The June 9 meeting of the Northampton County Board of  Supervisors was rather lively.  As this would be the last time that residents could address the BOS before staff sends the rezoning scheme out for public comment, many speakers took to the podium to relay their opposition to the widespread plan to industrialize our farmland, among other changes. Those commenting included three former planning commissioners, a marine scientist, two heads of local civic organizations, and other landowners who feared their investments in this county were being jeopardized.

Nearly all of the speakers questioned the Board’s motives for changing the land use rules which currently protect property rights and our limited natural resources (the aquifer and clean coastal waters), all without our consent.  Near the end of the citizen comment period, I addressed the Board with what I thought might be in part driving the changes, and I appreciate this opportunity to more fully flesh out my presentation.

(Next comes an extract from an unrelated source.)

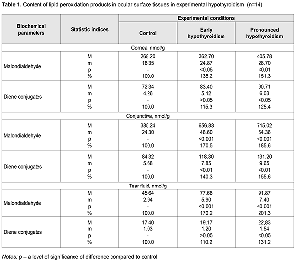 The content of malondialdehyde in the cornea of the animals with early hypothyroidism was increased up to (362.70±24.87) nmol/g, which was 135.2% as compared to control, (268.20±18.35) nmol/g, (р<0.05). In pronounced hypothyroidism, the content of malondialdehyde increased up to (405.78±28.70) nmol/g, equalling 151.3% comparing to control (р<0.01). The content of diene conjugates in the cornea of the animals with early hypothyroidism was increased up to (83.40±5.12) nmol/g, which was 115.3% as compared to control, (83.40±5.12) nmol/g. In pronounced hypothyroidism, the content of diene conjugates increased up to (83.40±5.12) nmol/g, equalling 125.4% comparing to control (р<0.05). As shown in Table 1, the content malondialdehyde in the conjunctiva of the animals with early hypothyroidism was increased up to (656.83±48.60) nmol/g, which was 170.5% as compared to control, (385.24±24.30) nmol/g, (р<0.001). In pronounced hypothyroidism, the content of malondialdehyde increased up to (715.02±54.36) nmol/g, equalling 185.6% hypothyroidism was increased up to (118.30±7.85) nmol/g, which compared to control (р<0.001). The content of diene conjugates in the conjunctiva of the animals with early hypothyroidism was 140.3% as compared to control, (84.32±5.68) nmol/g. In pronounced hypothyroidism, the content of diene conjugates increased up to (131.20±9.65) nmol/g, equalling 155.6% comparing to control (р<0.01). In the tear fluid of the experimental animals, the content malondialdehyde was increased up to (77.68±5.90) nmol/g in early hypothyroidism, which was 170.2% as compared to control, (45.64±2.94) nmol/g, (р<0.001). In pronounced hypothyroidism, the content of malondialdehyde increased up to (91.87±7.40) nmol/g, equalling 201.3% comparing to control (р<0.001). The content of diene conjugates in the tear fluid of the animals with early hypothyroidism was increased up to (19.17±1.20) nmol/g, which was 110.2% as compared to control, (17.40±1.03) nmol/g. In pronounced hypothyroidism, the content of diene conjugates increased up to (22.83±1.54) nmol/g, equalling 131.2% comparing to control (р<0.05). Discussion Summarizing the data on end and intermediate products of lipid peroxidation, malondialdehyde and diene conjugates, respectively, it can be concluded that hypothyroidism activates significantly the processes of peroxidation in ocular tissues. This leads to an accumulation of lipid hydroperoxides in the tear fluid, conjunctiva, and cornea. A rate of how the level of lipid peroxidation products, and mainly of end-product malondialdehyde, is increased depends on a stage of hypothyroidism. The highest malondialdehyde rates are characteristic for pronounced hypothyroidism. Specific mention should be made of a sharp rise in the concentration of malondialdehyde in the tear fluid in all stages of experimental hypothyroidism. In prospect, this fact can be used as an element of diagnosis for ocular surface damage in the underactive thyroid gland. It is interesting to compare our findings with literature data on a state of lipid peroxidation processes and antioxidant system in tear gland tissues [8]. The mentioned paper on studying lipid peroxidation processes, a glutathione level, and peroxidases activity in the tear fluid in experimental hypothyroidism has demonstrated that underactive thyroid gland leads to an increased level of glutathione and a high concentration of malondialdehyde in the studied tissues. In addition, peroxidase activity was three-fold decreased. All these facts are an important element in misbalance between the reduction system of glutathione and processes of oxidative injury of lipids since glutathione is known to decrease the intensity of lipid peroxidation and the accumulation of lipid peroxidation products through a glutathione peroxidase reaction, in which it reduces lipid hydroperoxides. Herewith, glutathione transforms into an oxidized form [4, 8, 18]. Thus, our findings in conjunction with literature data give the evidence that in hypothyroidism there is dysregulation in the processes of lipid peroxidation and the antioxidant system that results in oxidative stress which is known to have a negative effect on the function and protective and adaptive mechanisms of ocular tissues [8, 10, 11, 15, 20] and can be one of pathogenetic elements in the development of dry eye syndrome in hypothyroidism. In conclusion, firstly, it was found that the rats with experimental hypothyroidism had the activated lipid peroxidation processes in the ocular tissues, which is evidenced by the increased content of malondialdehyde and diene conjugates in the conjunctiva by 85.6% and 55.6%, respectively, and in the cornea by 51.3% and 25.4%, respectively, especially in pronounced hypothyroidism. Secondly, it was found that in experimental hypothyroidism the highest rates of malondialdehyde and diene conjugates were noted in the tear fluid: by 70.2% and 101.3% in early and pronounced hypothyroidism, respectively. This parameter can be considered as a diagnostic criterion characterizing a state of oxidative stress in ocular surface tissues in hypothyroidism even in the early stage of hypothyroidism development. References 1.Horodynska OYu, Bobyriova LYe. [Prognostic characteristics of hypothyroidism prevalence in the poltava region and in ukraine under conditions of iodine deficiency]. Mizhnar. endokryn. zhurn. 2016;2(74):44-8. In Ukrainian. 2.Nasledov A. [SPSS computer data analysis in psychology and social science]. Spb.:Piter;2005. 416p. In Russian. 3.Pavlovska GYa, Pavliv OB, Pavlovskii MI, Paster SYa. [Dry keratoconjunctivitis in patients with hypothyroidism]. [Proceedings of XIII Ukrainian Congress of Ophthalmologists. 21-23 May 2014]. Odessa; 2014:37-8. In Ukrainian. 4.Babu K, Jayaraaj IA, Prabhaka J: Effect of Abnormal thyroid hormone changes in lipid peroxidation and Antioxidant imbalance in Hypothyroid and Hyperthyroid patients. Int J Biol Med Res. 2011; 2(4): 1122-6.

Shortly after buying our building next to the Post Office in Exmore in 2008, during a meeting of a local citizens group we became aware of a project called the Exmore Energy Project.  The plan was announced at that meeting by a representative of the Bay Coast Railroad.  The proposal was called a “Bio Diesel plant” and would manufacture a diesel additive by refining waste oil from the Norfolk Oil Transport Company.  The waste product would be railed to the site (next to our shop and in the middle of town), mixed with methanol and other additives, heated, filtered, and stored.

As I had experience with these oil refineries while working for county government in our rural upstate New York county, I quickly concluded that the project was not a good fit for the middle of a business district.  Working with other citizens in the town and Virginia  DEQ [Department of Environmental Quality], we encouraged Bay Coast and the Norfolk concern to abandon their plans.


It was with great surprise when we finally read the BOS new zoning plans last year to find that “biomass conversion to alternative fuel” was to be allowed in every zoning district “by right” — no notice to neighbors, no local permit needed. That means facilities like the Exmore Energy Project had a green light in villages, hamlets, waterfronts, residential, and every other zone.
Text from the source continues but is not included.